Be honest. Detect bullshit, particularly those generated natively.
“It ain’t what you don’t know that gets you into trouble. It’s what you know for sure that just ain’t so.” In creative learning, the major trouble would be BHAW. Sometimes the issue is not about loading up more abstractions, it is about correcting abstractions that you kid yourself you really understand them. Mental inhibitors may be at play here.
Sigmoid curve hopping (S-curve hopping) aka serial rabbit holing fuels continuous curiosity.

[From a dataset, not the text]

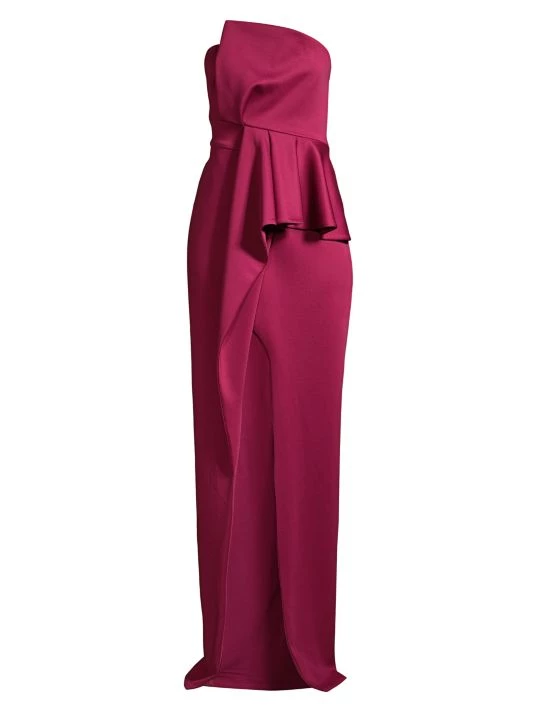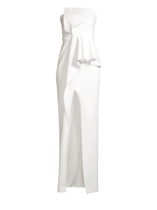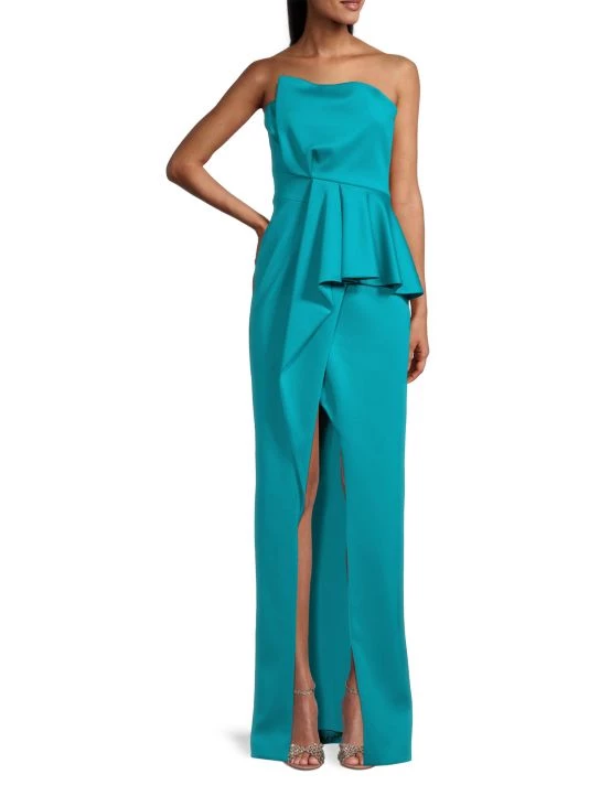 Beautifully draped gown finished with a modern, sexy high-cut front slit.

Curiosity and growth carries the most momentum when you start on a new subject. A new subject can be something grand and well-defined like CS 101. It can be something precise yet disciplinary-spanning like Hamiltonian. Or it can very well be something abstract like the concept of consensus. Either way, starting on a new subject is starting on a new sigmoid curve from the bottom left, both psychologically and epistemically. You get exposed to a lot of new concepts at once. New synaptic pathways fire up. You feel high and invigorated. You have fell into a new rabbit hole.
Hopping from one sigmoid curve to a new one keeps your curiosity fueled.
Switch between logical reasoning and poetic association depending on the situation.
Sometimes relentless logical reasoning is needed to reduce entropy and reach clarity of thought. Sometimes poetic association is needed to find new directions and possibilities. Given a situation, one can be more important than the other to make conceptual breakthrough. Both are essential.